[Stored records]
*** Begin section ***

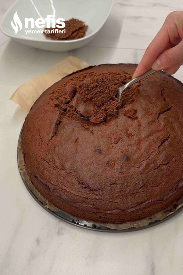 - Soğuyan kekin kenarını yaklaşık 2-3 cm hisse bırakarak alt tabanına ziyan vermeden ortasını bir kaşık yardımıyla oyup, oyduğunu kek modüllerini farklı bir kaba ufalayın.
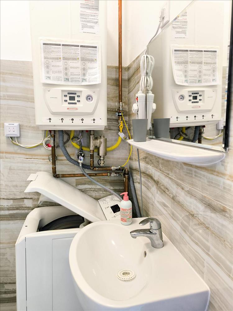 A használati melegvíz előállításáról és a fűtésről (padlófűtés) kombi gázkazán gondoskodik.
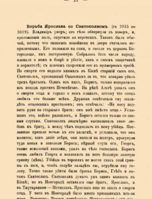 Анотація: На основі тексту літописного зведення «Повість временних літ» висвітлено життя й діяльність видатного державного й культурного діяча, великого князя київського, князя ростовського й новгородського Ярослава Мудрого. Висвітлено події, починаючи від смерті Володимира Святославича; розказано про боротьбу за Київське князівство між його синами; розглянуто основні досягнення Ярослава Мудрого. Публікація є розділом книги педагога, перекладача, дитячого письменника Василя Водовозова.
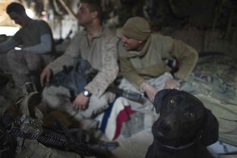 Read moreA military working dog looks at the camera as US Marines from 1st Battalion, 8th Marines clean their weapons before a patrol outside new Mirage base, on the south of Musa Qala District, Helmand province, on February 4, 2011. #
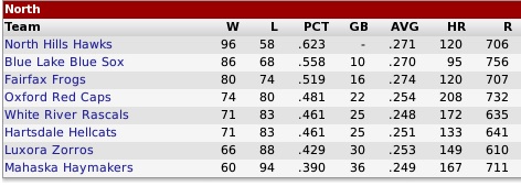 Tuesday, September 23, 2036 NH HAWKS WIN 3RD STRAIGHT TU NORTH FLAG Winning the Tycobbian North came tough in 2034 and 2035 for the North Hills Hawks... they took the titles by two games and one game... but this year the Hawks soared out to a 6-game lead at the All-Star Game and never were challenged... they won in a romp by 10 games over runner-up Blue Lake... North Hills was ranked first in The Islandian Times preseason poll with a tight race with Luxora chosen second and Blue Lake predicted third... third place went to the Fairfax Frogs, who were 16 games off the pace... only the three top clubs finished with winning records... in fourth place were the Oxford Red Caps, trailing by 22 games. White River and Hartsdale deadlocked for fifth place 25 games back... seventh went Luxora, 30 games out in the race... and last place went to the Mahaska Haymakers, 36 games behind. 1st - North Hills: also won pennants in 2034 and 2035... and for the first time in the team's history took the IPA Pro Cup in 2034... the Hawks are a better team this year and should be a threat to win the coveted Pro Cup... they have outstanding pitching with a 3.11 team ERA (1st) and strong defense with a .979 FA, coupled with adequate offense... the Hawks hit .271 (6th), scored 706 runs (14th), but lack power... they hit only 120 HRs (28th-tied)... this will be North Hills' fifth appearance in the postseason. Top Performers: Frankie Lambert (18-8/2.85), All-Star Jeff Owens (23-12/2.99), Nelson Hooper (21-7/3.06), David Michael (20-18/3.42), All-Star LF Adam Thurgood (.341/32/127/75), RF Gerry Rice (.336/3/44/61), 3B Tommy Vavas (.297/9/43/88) 2nd - Blue Lake: rose up from cellar last year (19.5 GB)... the Blue Sox had been no better than seventh or eighth since 2032... they have made the playoffs only 3 times previously with one Pro Cup taken in 2030... Blue Lake has solid offense, pitching and fielding... they batted .270 (8th), tied for sixth in scoring (756 runs), posted a 3.62 ERA (7th) and fielded at the rate of .976... but the Blue Sox do have weaknesses at the plate (95 HR-32nd) and in the bullpen (4.58 ERA-31st) Top Performers: All-Star Frankie Quinn (21-12/2.84), Sal Mays (20-11/3.62), Andre Montrose (19-14/3.39), CF Raddy Pajak (.309/12/79/98), LF Jack Ryan (.305/10/88/96), 1B Elton Graff (.310/8/51/64), SS Joe Korman (.286/11/80/105) 3rd - Fairfax: made first division for eighth year in a row... ended up 16 games behind North Hills... last year lost a one-game playoff to North Hills... never won a Pro Cup, but has made the playoffs on eight occasions... last won TU North in 2032 and 2033... good pitching with a 3.56 ERA (5th)... fairly good offense with .274 BA (5th), 707 runs (13th), but only fair firepower with 128 HRs (28th-tied)... top-notch defense with .978 FA Top Performers: Harold Dorman (18-11/2.58), Lucien Vachon (16-14/3.58), who was gotten from Elnora in an off-season trade, Bruno Stratton (4-6/2.34/22 saves), All-Star SS John Velasco (.301/20/88/81), 1B Leonard Crawford (.331/4/69/83), RF Roger Krieger (.313/19/85/72), LF Sonny Oliver (.308/22/82/64), who was obtained in late July in a trade with Colchester, All-Star C Jaak Pajukivi (.262/13/65/55), who was traded to Elnora at deadline 4th - Oxford: 22 GB... up from seventh last season 16.5 GB... no postseason since 2007, when the Red Caps won their only Pro Cup... they have made the playoffs five times... good HR power with 208 (2nd-tied), pretty good offense with 732 runs (9th), average hitting (.254 BA/19th)... good defense with .976 FA... not much on the mound with a 4.34 team ERA (28th) Top Performers: Tommy Ellefsen (8-3/2.90), RF Crusher Derringer (.309/18/62.59), LF Dennis Hartwig (.297/16/48/75), 2B Alonzo Norris (.250/26/87/86)... CF Dalton Ward led with 30 homers, but hit only .212 for average... 1B Kerry Sterling had 21 roundtrippers and 73 RBIs, but batted only .245... 3B Boyd Olsen has 20 home runs with a .274 BA 5th tied - White River: 25 GB... also fifth last season 11.5 GB... no Pro Cups... Rascals have picked up 4 pennants... 2027 was the last postseason appearance... mediocre on the mound (4.00 ERA- 20th), terrible bullpen (4.39/29th) and under average at the plate (.248 BA-29th)... just average defensively (.972 FA)... fairly good power with 172 HRs (12th)... poor scoring with 635 runs (31st) Top Performers: Kenny Nikas (19-17/2.81), CF Buford Cross (.301/20/62/97), C Stevie Dee Daniels (.237/31/100/57), 1B Davey Sloan (.278/25/81/65) 5th tied - Hartsdale: 25 GB... was in sixth place (12.5 GB) in 2035... been in the playoffs 6 times... most recently in 2029... no Pro Cups in its history... basically just a second-division club with .251 BA (25th), 641 runs (29th), 133 HRs (26th), 4.10 ERA (24th) and a little above average in the field with a .974 FA Top Performers: Larry Urban (17-11/3.88), 1B Hayden Richardson (.293/26/66/84), SS Jesse Jenkins (.290/9/44//78) 7th - Luxora: 30 games behind winning North Hills... down from third just 6.5 games out in 2035... 11 playoff appearances in history, but no Pro Cups to show for them... last postseason was in 2031... impressive pitching with a 3.26 ERA... very poor scoring runs (610 runs-32nd)... fair power with 149 HRs (21st)... slack on defense with .970 FA Top Performers: Jake Weiland (19-16/2.50), Kent Halloran (13-15/2.54), Benny DeVito (15-21/2.91), All-Star 3B Toddy Dubbins (.311/25/78/56), SS Kelvin Cassidy (.277/19/67/60), LF Larry Collins (.310/14/47/57), 1B Gerry Hathaway (.276/21/62/72) 8th - Mahaska: 36 GB... dropped from fourth place last year (9.5 GB)... in playoffs only 4 times... no Pro Cups... last postseason was in 2028... pretty much second-division team the last eight seasons... bad on the hill with 4.34 ERA (29th)... weak hitting with a .249 BA (27th), but has decent power with 167 HRs (15th) and 711 runs (12th)... absolutely horrendous on defense with a .958 FA, probably the worst fielding team in IPA history Top Performers: rookie Kirk Stanley (7-6/2.74/14 sav
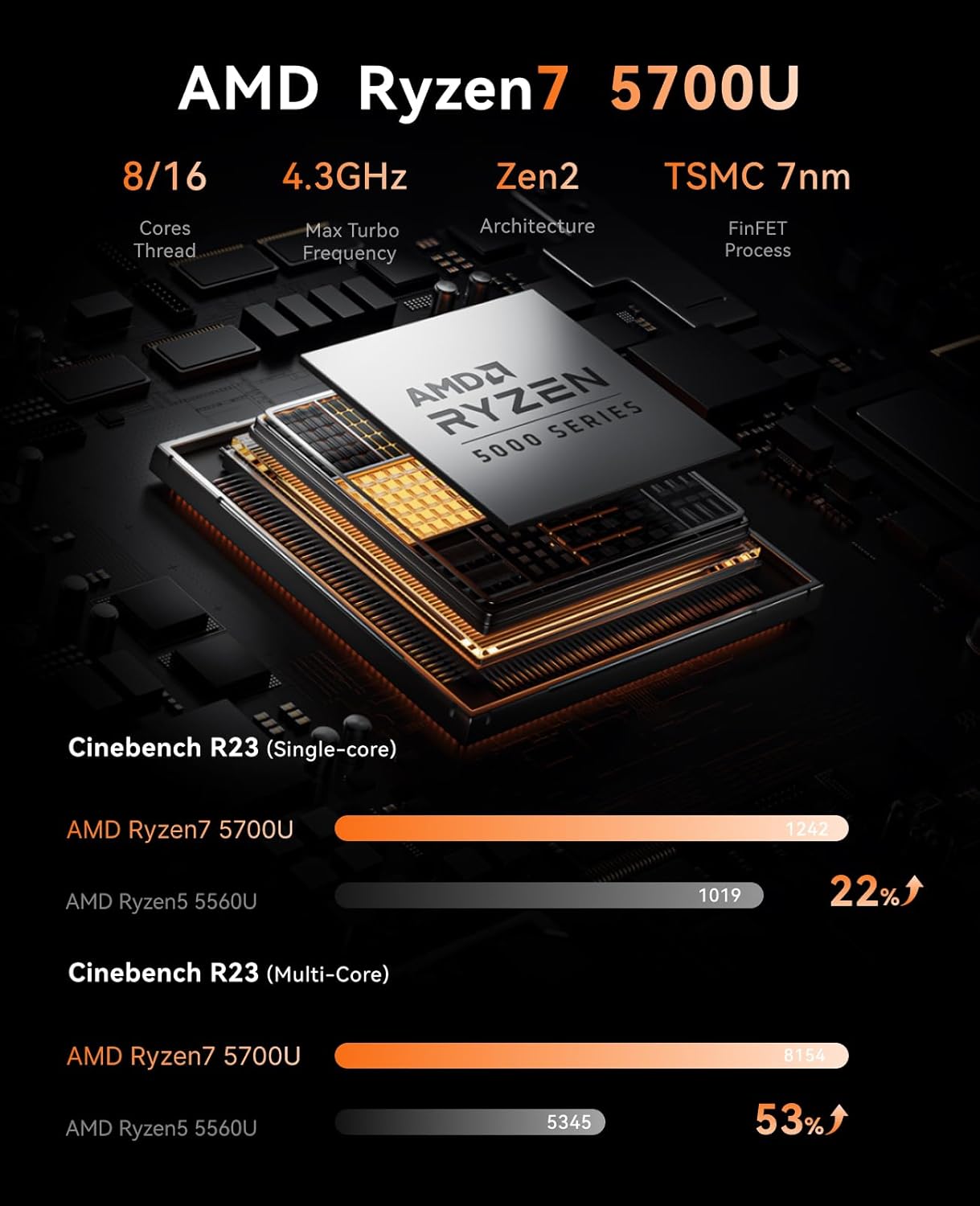 【Mini PC with Powerful AMD 5700U】The mini computers is equipped with a Ryzen R7 5700U (8C/16T, up to 4.3GHz) AMD processor, adopting 7nm photolithography technology and 16MB cache, the mini gaming pc can meet your different needs. Adopting 7nm FinFET processor technology, the default TDP is 15W (maximum 28W), meeting your daily office, leisure gaming, and home entertainment needs.
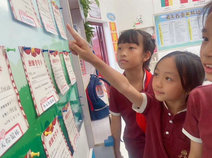 在304班,每个学生都是班干部,班级设立了一个个既有意思又有意义的岗位:“情绪管理员”要安慰情绪低落的伙伴,安抚情绪激动的同学;“班牌管理员”每天轮换,放学时带队并举班牌;还有电灯管理员、流浪文具管理员、眼操小天使、卫生小卫士、图书管理员……这些小岗位充分调动了学生的积极性,在班内形成了“人人有事做,事事有人管”的和谐氛围。
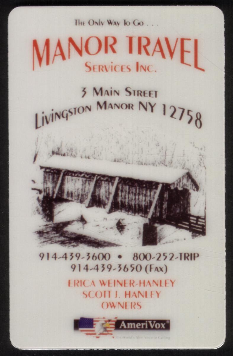 Along the bottom right of the card is a small logo and text reading "PROOF — AmeriVox," indicating the printer or issuer related to the card's production. The card also bears the text "Promotionals" and identifies the association with travel agencies and travel advisors. The branding "Manor Travel (Travel Professionals)" reinforces the travel-service theme of the card. The overall design aligns with promotional materials aimed at travel clients and advisors, emphasizing the services offered by Manor Travel Service Inc.
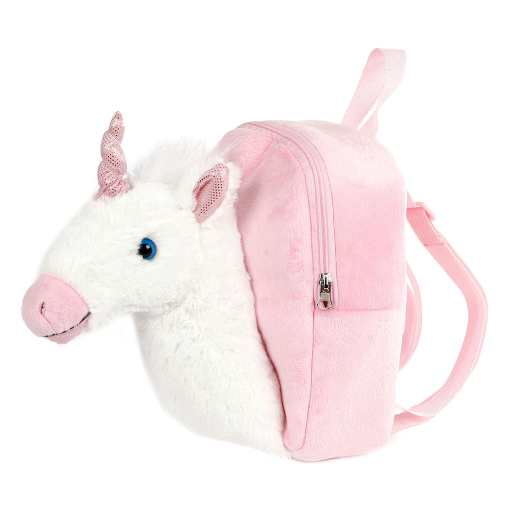 Unicorntas met witte eenhoorn en roze tas, met verstelbare schouderbandjes, 26 cm hoog.

*** End section ***

**What is expected:** All that should be printed is the run of lines above from the one with "A használati melegvíz" through the one with "Read moreA military", both included, exactly as given, with pictures left out.

**Answer section:**
 A használati melegvíz előállításáról és a fűtésről (padlófűtés) kombi gázkazán gondoskodik.
 Анотація: На основі тексту літописного зведення «Повість временних літ» висвітлено життя й діяльність видатного державного й культурного діяча, великого князя київського, князя ростовського й новгородського Ярослава Мудрого. Висвітлено події, починаючи від смерті Володимира Святославича; розказано про боротьбу за Київське князівство між його синами; розглянуто основні досягнення Ярослава Мудрого. Публікація є розділом книги педагога, перекладача, дитячого письменника Василя Водовозова.
 Read moreA military working dog looks at the camera as US Marines from 1st Battalion, 8th Marines clean their weapons before a patrol outside new Mirage base, on the south of Musa Qala District, Helmand province, on February 4, 2011. #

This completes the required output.